↓
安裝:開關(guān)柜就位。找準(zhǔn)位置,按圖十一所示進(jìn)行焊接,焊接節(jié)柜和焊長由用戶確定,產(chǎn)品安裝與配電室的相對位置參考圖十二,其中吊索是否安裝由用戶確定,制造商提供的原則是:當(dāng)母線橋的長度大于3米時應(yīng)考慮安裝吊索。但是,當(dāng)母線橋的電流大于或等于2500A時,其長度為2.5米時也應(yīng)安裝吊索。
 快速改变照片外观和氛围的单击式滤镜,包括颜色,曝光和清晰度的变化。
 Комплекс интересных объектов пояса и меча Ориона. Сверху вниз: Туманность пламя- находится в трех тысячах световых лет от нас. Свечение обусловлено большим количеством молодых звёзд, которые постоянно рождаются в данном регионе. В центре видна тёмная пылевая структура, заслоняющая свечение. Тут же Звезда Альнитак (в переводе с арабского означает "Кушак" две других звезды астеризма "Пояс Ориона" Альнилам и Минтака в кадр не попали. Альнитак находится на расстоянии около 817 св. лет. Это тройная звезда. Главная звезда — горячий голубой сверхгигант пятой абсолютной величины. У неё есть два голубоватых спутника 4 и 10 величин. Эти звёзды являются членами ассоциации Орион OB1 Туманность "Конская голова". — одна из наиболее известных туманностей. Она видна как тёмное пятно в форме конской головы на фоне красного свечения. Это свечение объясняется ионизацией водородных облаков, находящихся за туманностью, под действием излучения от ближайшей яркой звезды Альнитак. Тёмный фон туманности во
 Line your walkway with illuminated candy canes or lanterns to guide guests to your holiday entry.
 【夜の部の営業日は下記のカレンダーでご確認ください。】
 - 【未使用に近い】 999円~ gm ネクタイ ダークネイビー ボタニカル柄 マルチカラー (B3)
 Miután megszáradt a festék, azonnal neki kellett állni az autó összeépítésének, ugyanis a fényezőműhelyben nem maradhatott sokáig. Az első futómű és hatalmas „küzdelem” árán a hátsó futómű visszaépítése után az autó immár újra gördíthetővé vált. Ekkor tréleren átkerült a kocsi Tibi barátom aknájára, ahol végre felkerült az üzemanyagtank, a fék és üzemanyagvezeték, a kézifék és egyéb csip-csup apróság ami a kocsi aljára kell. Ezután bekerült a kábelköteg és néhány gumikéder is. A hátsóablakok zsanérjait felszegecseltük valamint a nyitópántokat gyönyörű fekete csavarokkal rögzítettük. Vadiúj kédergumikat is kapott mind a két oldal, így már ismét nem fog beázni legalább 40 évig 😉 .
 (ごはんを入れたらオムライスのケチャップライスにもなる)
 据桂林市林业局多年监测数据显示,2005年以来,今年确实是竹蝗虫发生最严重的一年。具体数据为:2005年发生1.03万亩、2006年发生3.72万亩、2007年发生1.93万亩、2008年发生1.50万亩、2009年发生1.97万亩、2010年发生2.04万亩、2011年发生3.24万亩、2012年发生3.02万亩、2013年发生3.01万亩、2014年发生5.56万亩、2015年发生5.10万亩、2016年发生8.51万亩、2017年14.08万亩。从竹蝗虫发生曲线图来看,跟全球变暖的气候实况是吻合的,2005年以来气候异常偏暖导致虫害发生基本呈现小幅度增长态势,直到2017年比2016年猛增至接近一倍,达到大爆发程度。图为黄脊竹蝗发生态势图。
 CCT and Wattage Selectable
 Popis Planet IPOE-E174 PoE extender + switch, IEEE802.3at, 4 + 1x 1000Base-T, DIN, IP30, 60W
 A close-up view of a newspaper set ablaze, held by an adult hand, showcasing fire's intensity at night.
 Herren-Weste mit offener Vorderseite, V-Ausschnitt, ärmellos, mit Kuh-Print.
↑
== What to work on ==
Keeping every word in place, restate the entries above.

== Answer box ==
安裝:開關(guān)柜就位。找準(zhǔn)位置,按圖十一所示進(jìn)行焊接,焊接節(jié)柜和焊長由用戶確定,產(chǎn)品安裝與配電室的相對位置參考圖十二,其中吊索是否安裝由用戶確定,制造商提供的原則是:當(dāng)母線橋的長度大于3米時應(yīng)考慮安裝吊索。但是,當(dāng)母線橋的電流大于或等于2500A時,其長度為2.5米時也應(yīng)安裝吊索。
 快速改变照片外观和氛围的单击式滤镜,包括颜色,曝光和清晰度的变化。
 Комплекс интересных объектов пояса и меча Ориона. Сверху вниз: Туманность пламя- находится в трех тысячах световых лет от нас. Свечение обусловлено большим количеством молодых звёзд, которые постоянно рождаются в данном регионе. В центре видна тёмная пылевая структура, заслоняющая свечение. Тут же Звезда Альнитак (в переводе с арабского означает "Кушак" две других звезды астеризма "Пояс Ориона" Альнилам и Минтака в кадр не попали. Альнитак находится на расстоянии около 817 св. лет. Это тройная звезда. Главная звезда — горячий голубой сверхгигант пятой абсолютной величины. У неё есть два голубоватых спутника 4 и 10 величин. Эти звёзды являются членами ассоциации Орион OB1 Туманность "Конская голова". — одна из наиболее известных туманностей. Она видна как тёмное пятно в форме конской головы на фоне красного свечения. Это свечение объясняется ионизацией водородных облаков, находящихся за туманностью, под действием излучения от ближайшей яркой звезды Альнитак. Тёмный фон туманности во
 Line your walkway with illuminated candy canes or lanterns to guide guests to your holiday entry.
 【夜の部の営業日は下記のカレンダーでご確認ください。】
 - 【未使用に近い】 999円~ gm ネクタイ ダークネイビー ボタニカル柄 マルチカラー (B3)
 Miután megszáradt a festék, azonnal neki kellett állni az autó összeépítésének, ugyanis a fényezőműhelyben nem maradhatott sokáig. Az első futómű és hatalmas „küzdelem” árán a hátsó futómű visszaépítése után az autó immár újra gördíthetővé vált. Ekkor tréleren átkerült a kocsi Tibi barátom aknájára, ahol végre felkerült az üzemanyagtank, a fék és üzemanyagvezeték, a kézifék és egyéb csip-csup apróság ami a kocsi aljára kell. Ezután bekerült a kábelköteg és néhány gumikéder is. A hátsóablakok zsanérjait felszegecseltük valamint a nyitópántokat gyönyörű fekete csavarokkal rögzítettük. Vadiúj kédergumikat is kapott mind a két oldal, így már ismét nem fog beázni legalább 40 évig 😉 .
 (ごはんを入れたらオムライスのケチャップライスにもなる)
 据桂林市林业局多年监测数据显示,2005年以来,今年确实是竹蝗虫发生最严重的一年。具体数据为:2005年发生1.03万亩、2006年发生3.72万亩、2007年发生1.93万亩、2008年发生1.50万亩、2009年发生1.97万亩、2010年发生2.04万亩、2011年发生3.24万亩、2012年发生3.02万亩、2013年发生3.01万亩、2014年发生5.56万亩、2015年发生5.10万亩、2016年发生8.51万亩、2017年14.08万亩。从竹蝗虫发生曲线图来看,跟全球变暖的气候实况是吻合的,2005年以来气候异常偏暖导致虫害发生基本呈现小幅度增长态势,直到2017年比2016年猛增至接近一倍,达到大爆发程度。图为黄脊竹蝗发生态势图。
 CCT and Wattage Selectable
 Popis Planet IPOE-E174 PoE extender + switch, IEEE802.3at, 4 + 1x 1000Base-T, DIN, IP30, 60W
 A close-up view of a newspaper set ablaze, held by an adult hand, showcasing fire's intensity at night.
 Herren-Weste mit offener Vorderseite, V-Ausschnitt, ärmellos, mit Kuh-Print.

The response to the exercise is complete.